Hospitals see a rise in cases of post-Covid complications
- Nearly 15-20% of hospitalised Covid-19 patients return with some complications
After Delhi witnessed a massive surge in Covid-19 infections in the second wave, patients are now returning to hospitals with not just the fungal infection, mucormycosis, but a myriad of symptoms, city doctors said. Extreme fatigue, lethargy, body and joint pain, brain fog, and fever are the most common, but there have also been cases of pneumonia, collapsed lungs, heart attacks, and strokes.
Cases of mucormycosis, referred to as black fungus, have shot up across the country with the disease being declared an epidemic in Delhi and several other states. So far, at least 848 cases of the infection have been reported by Delhi hospitals.
But doctors say that nearly 15-20% of hospitalised Covid-19 patients return with some complications; and that some who were not hospitalised when they got Covid may need hospital care for a second bout of health problems. “I would say around 15-20% of the hospitalised Covid-19 patients are returning with some or the other health problem. The number of people experiencing long Covid symptoms could be higher because many with lethargy, fever, body and joint ache might not be coming back to hospitals,” said Dr Vivek Nangia, head of the department of respiratory medicine at Max hospital, Saket. Long Covid has been described as a range of symptoms such as fatigue, headache, loss of smell, dizziness, chest pain, fever, depression that Covid-19 patients may experience up to 12 weeks after recovery.
Fever, rare infections
Dr Suranjit Chatterjee, senior consultant of internal medicine at Indraprastha Apollo hospital, said almost 80% of the current hospitalisations are because of complications arising out of Covid-19. He added that many patients were coming in with high grade fever ranging between 102-104 degrees Fahrenheit, seven to 14 days after recovering from Covid-19. “Now, the fever can be because of the increased inflammation due to Covid-19 or it could be because of secondary infections. People must visit a doctor if they have persistent fever. We are seeing bacterial and fungal infections causing pneumonia. Aside from mucormycosis, I have also seen rare infection like nocardia (which can affect the lungs, brain, and skin) that usually affects those who are immuno-compromised,” Chatterjee said.
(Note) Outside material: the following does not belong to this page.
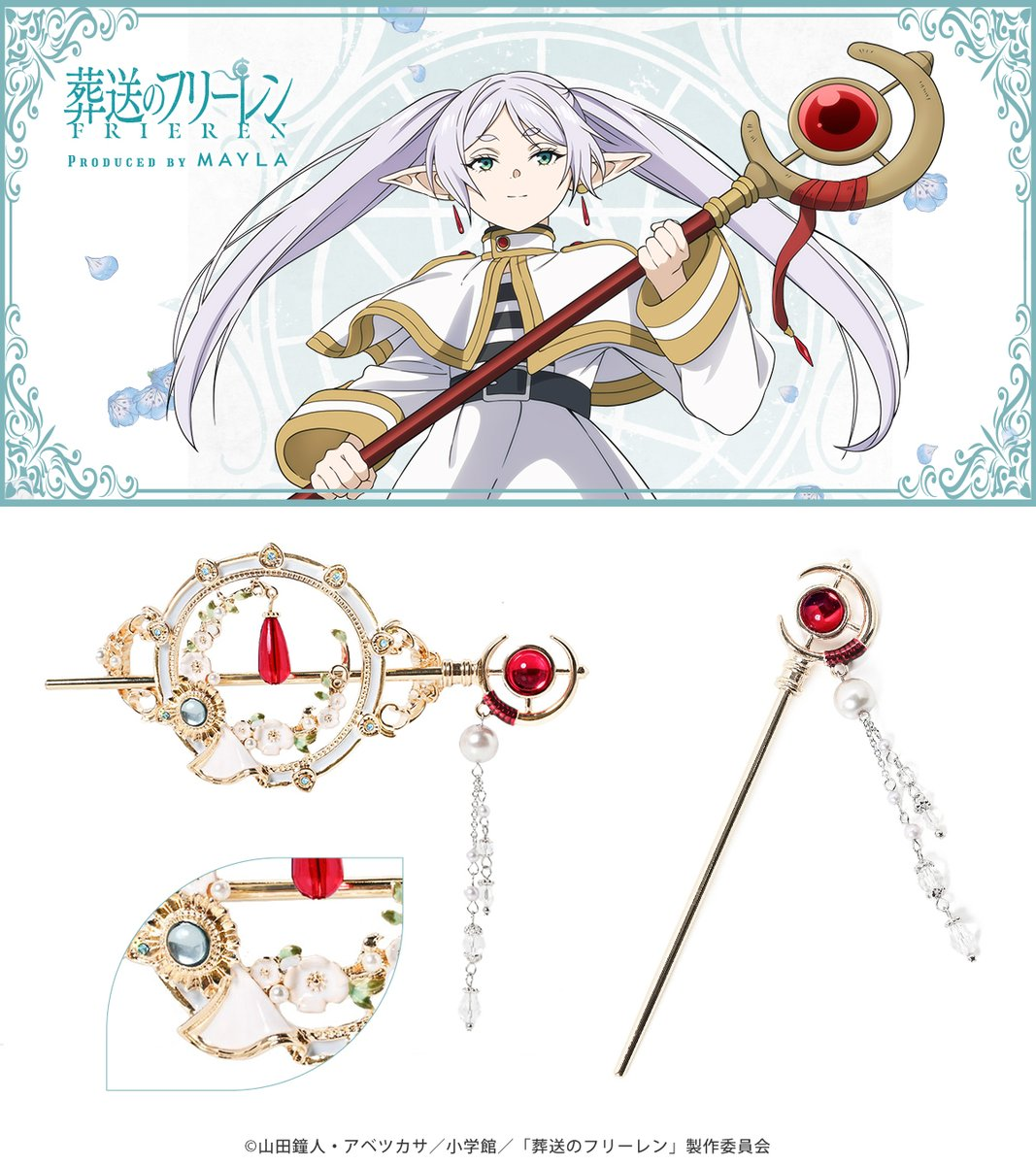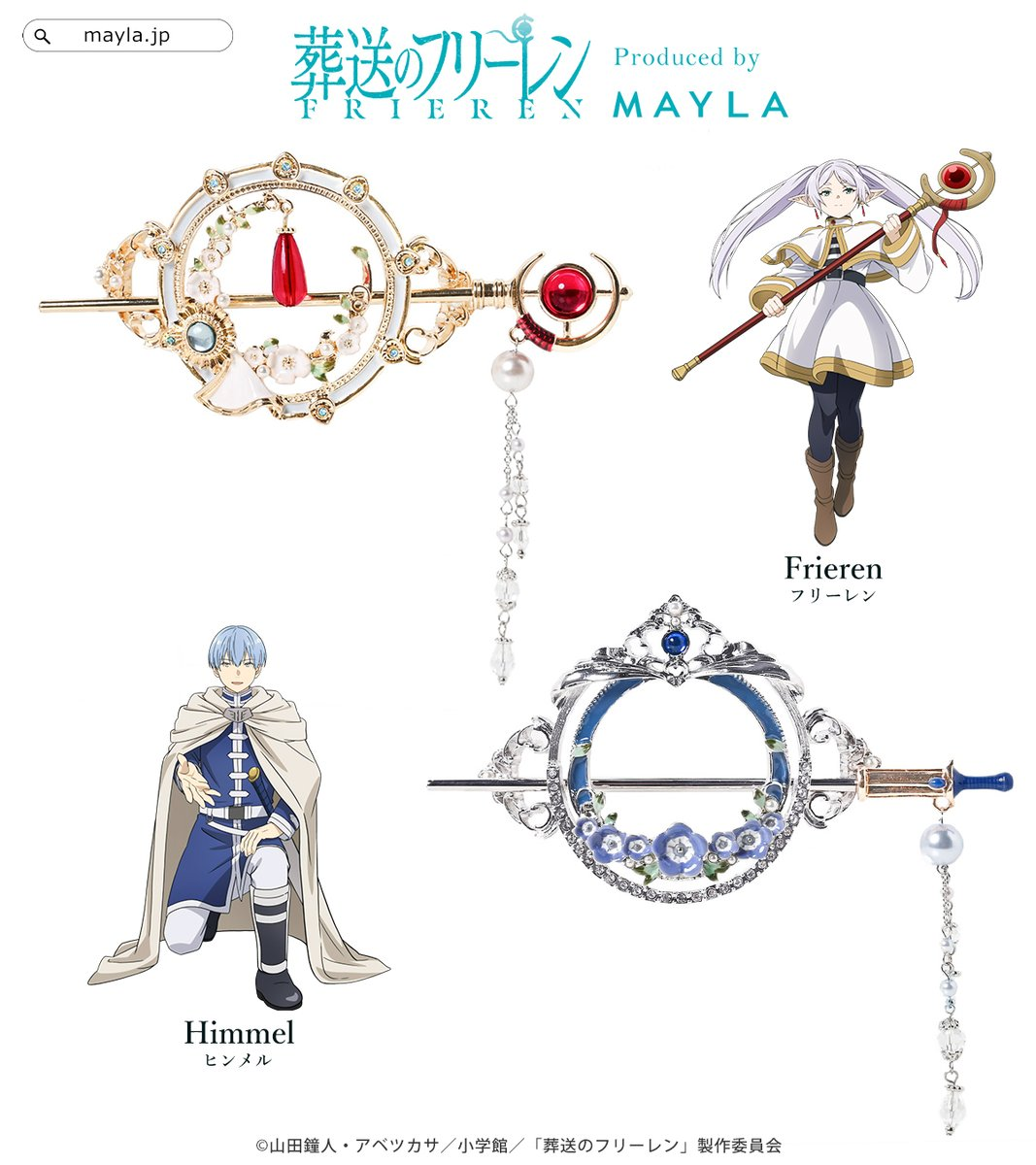 近日宣布與明年一月即將開播第二季的動畫的作品《葬送的芙莉蓮》合作,推出以芙莉蓮 & 欣梅爾為主題的聯名髮簪。售價為 10,780 日圓,將於 9/9 起於 MAYLA 官網預購。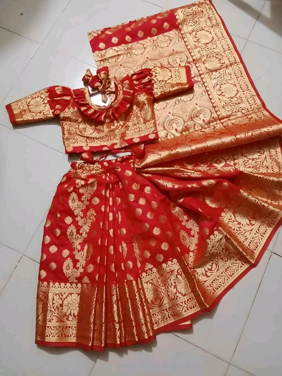 বেবী রেডি শাড়ি লাল কালার কাতান baby ready saree red colour

Use of steroids to treat Covid-19 patients has also led to many people developing high blood sugar, and for many, it is unlikely to be resolved, said Dr Anoop Misra, chairman, Fortis-CDOC Centre for Diabetes, Metabolic Diseases and Endocrinology. He said seven of every 10 new diabetes patients who consulted him last month were linked to Covid-19.
“Over 90% of the new-onset diabetes cases linked to Covid-19 was because of the use of steroids which drives up the blood glucose level. Among these people, there are some who have family history of diabetes, are obese, were pre-diabetics. Diabetes induced by steroids in these people is unlikely to resolve. It may resolve in those who are not overweight and do not have other risk factors for diabetes,” said Dr Misra.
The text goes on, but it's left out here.